Using NumPy, the method determines and rounds the feature importances acquired from a trained Decision Tree Classifier. The significance of every feature in the dataset is represented, rounded to three decimal places, by the array. The quantification of each feature's contribution to the model's decision-making process is achieved through feature importances. The last feature in this particular instance has a significance of 0.0, indicating that it has little bearing on the classifier's predictions. Comprehending the significance of features aids in determining whether characteristics have a substantial effect on the model's performance and can direct the process of feature selection or engineering.

## More Regularization

In [151]:
tree_clf2 = DecisionTreeClassifier(min_samples_leaf = 10, max_depth=5)

tree_clf2.fit(train_x, train_y)

In [152]:
#Train accuracy:
train_y_pred = tree_clf2.predict(train_x)

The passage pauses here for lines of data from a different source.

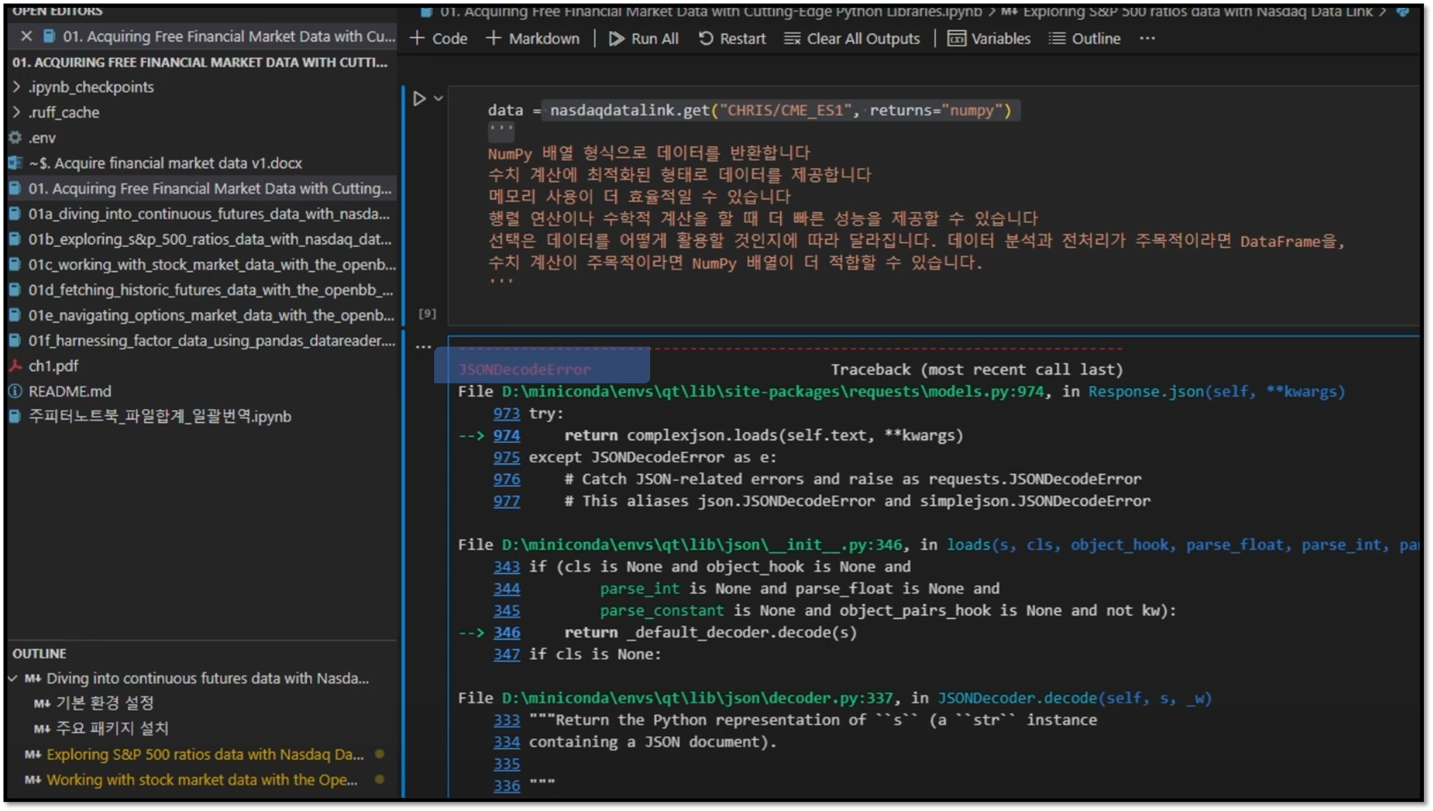 AI: "에러 메시지를 보니 JS 코드에러가 발생했네요. 이것은 JSON 형식으로 되어 있는 데이터를 파이썬이 제대로 읽어들이지 못할 때 생기는 오류입니다. 특히 ValueError와 함께 나타나는 것으로 보아, API 응답 자체에 문제가 있는 것으로 보입니다. 데이터 소스에서 제공하는 API 키를 잘못 입력하지 않았는지 확인해 보시는 것이 좋겠습니다."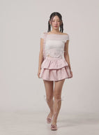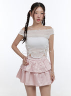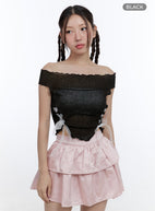 Mesh Ribbon Off-Shoulder Crop Top CG414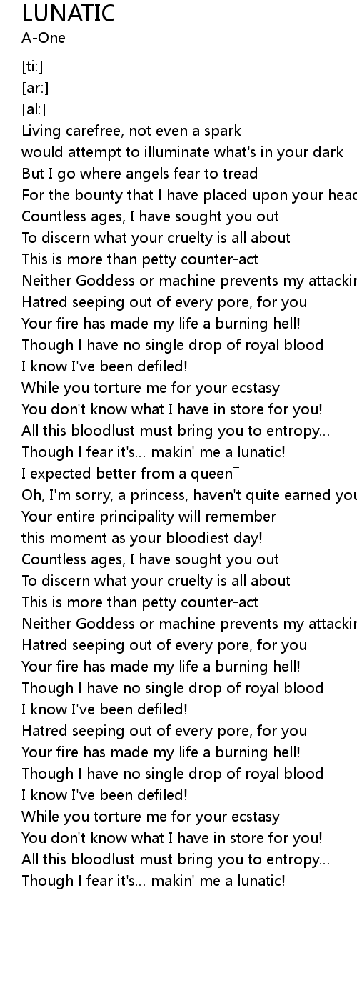 | [04:15.28] | Though I fear it's… makin' me a lunatic! |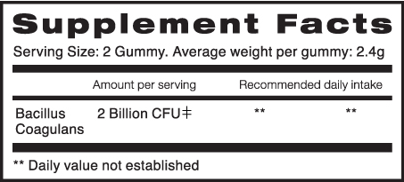 PNKids’ Probiotics gummies contain Bacillus Coagulans, a unique, strain of spore-form bacteria which is naturally dormant that can withstand many conditions such as heat, pressure, and extreme acid or alkaline conditions, any of which may usually kill bacteria cells. Because of this, it is dormant in the bottle, then reverts to a growing bacteria in the intestines, resisting being killed by stomach acid.
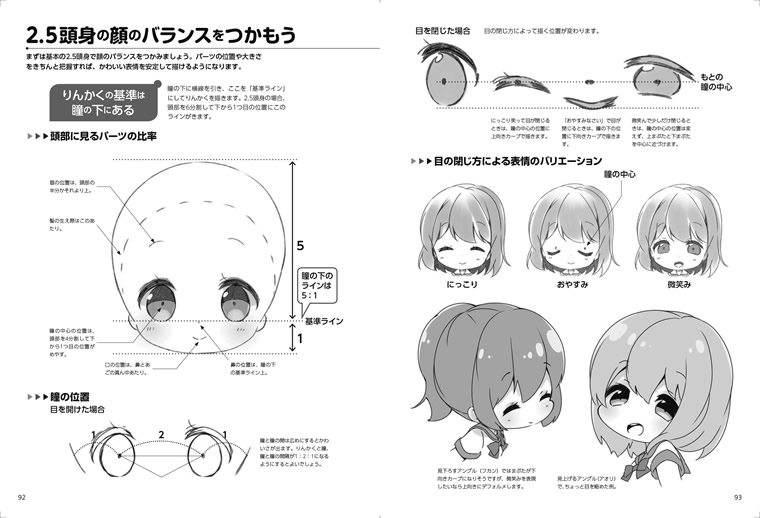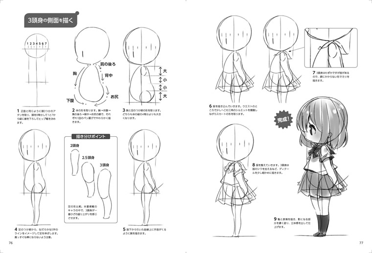 頭身ごとの描き分けのみならず、キャラの性格や気持ちに合わせた描き分けの方法も解説。ミニキャラのうれしい気持ちを表現するにはどんな表情とポーズを描けばいいか。怒っているときのポーズをかわいく描くにはどうしたらいいか、などなど……。手足の短いミニキャラにうまくポーズをつけて、個性豊かに描き分けるテクニックも満載です。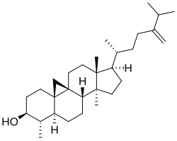 Cycloeucalenol is a naturally occurring triterpenoid and a sterol-like compound found in certain plants[3][4] (i.e. Boophone disticha,[5] Herissanthia tiubae,[6] etc.) and microorganisms. It is classified as a cycloartane-type triterpenoid, a subgroup of terpenoids characterized by a cyclopropane ring in their structure. Cycloeucalenol is an intermediate in the biosynthesis of phytosterols, which are essential components of plant cell membranes.[7]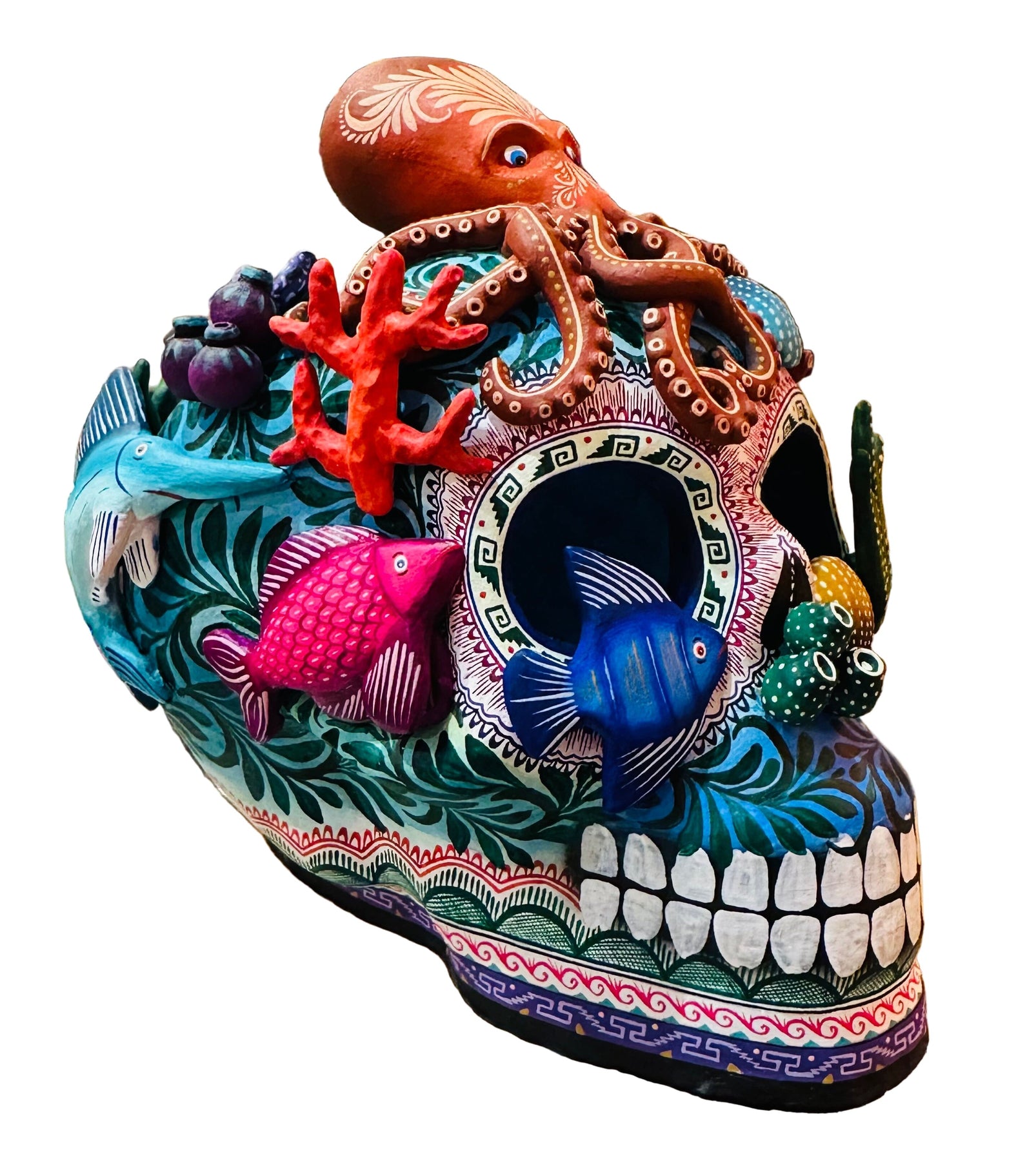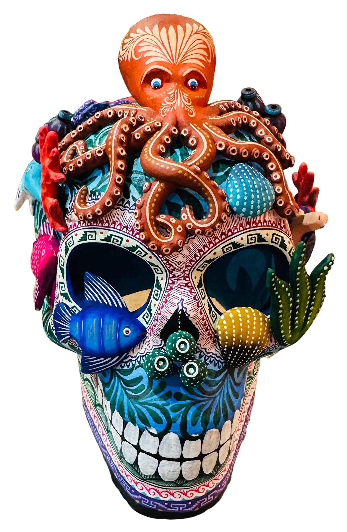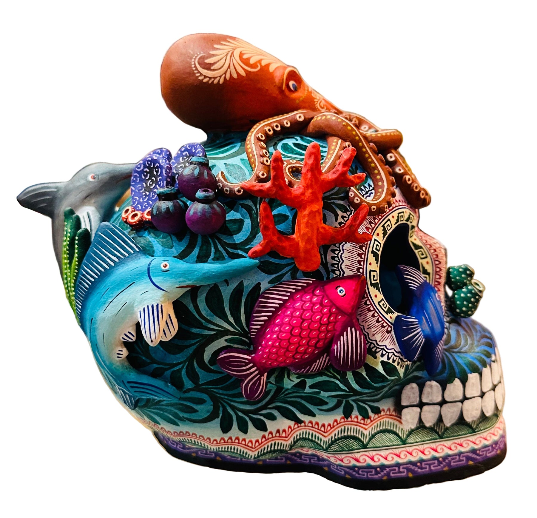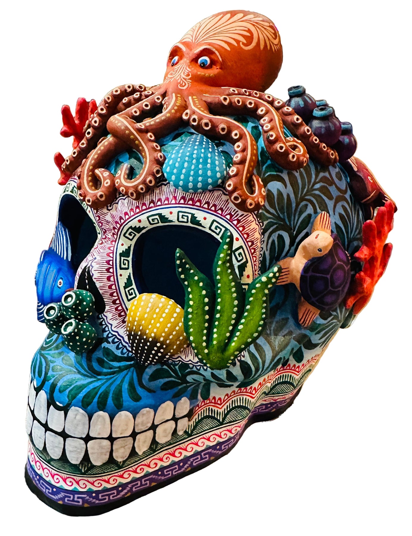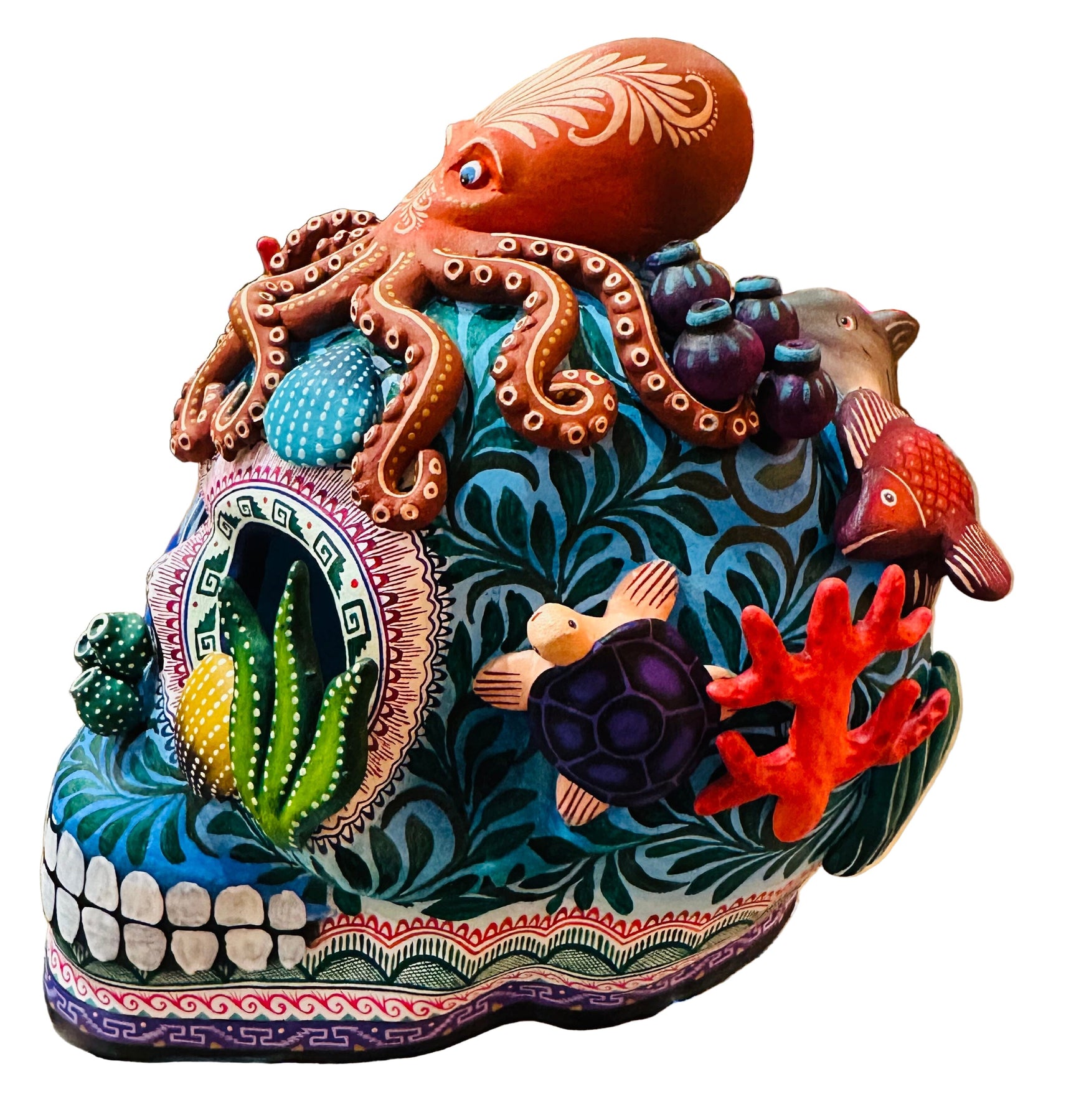 Stunning hand built ceramic skull representing beautiful sea life.

print(accuracy_score(train_y, train_y_pred))

0.8572492057858608


In [153]:
#Test accuracy:
test_y_pred = tree_clf2.predict(test_x)

print(accuracy_score(test_y, test_y_pred))

0.8577083880349822


In [154]:
#Test confusion matrix
confusion_matrix(test_y, test_y_pred)

array([[37097,  2036],
       [ 5009,  5369]], dtype=int64)

Using min_samples_leaf set to 10 and max_depth=5, a new Decision Tree Classifier, {tree_clf2}, is trained in this code. These hyperparameters determine the minimum number of samples needed to be a leaf node as well as the complexity of the tree. Next, the training and testing datasets' accuracy scores are determined. The testing accuracy is around 85.77%, while the training accuracy is about 85.72%. In addition, a confusion matrix showing the model's predictions as a 2x2 array is provided for the testing data. Offering comprehensive insights into the classifier's performance on the testing set, this matrix displays the counts of true positive, true negative, false positive, and false negative cases.

## Prediction probabilities

In [155]:
#Select a random observation

random = test_x[50:51]
random

array([[ 0.42630619,  0.88707849, -1.0775841 , -0.88649192,  0.81457671,
        -0.15502069,  0.        ,  0.        ,  1.        ,  1.        ,
         0.        ,  1.        ,  1.        ,  0.91316651]])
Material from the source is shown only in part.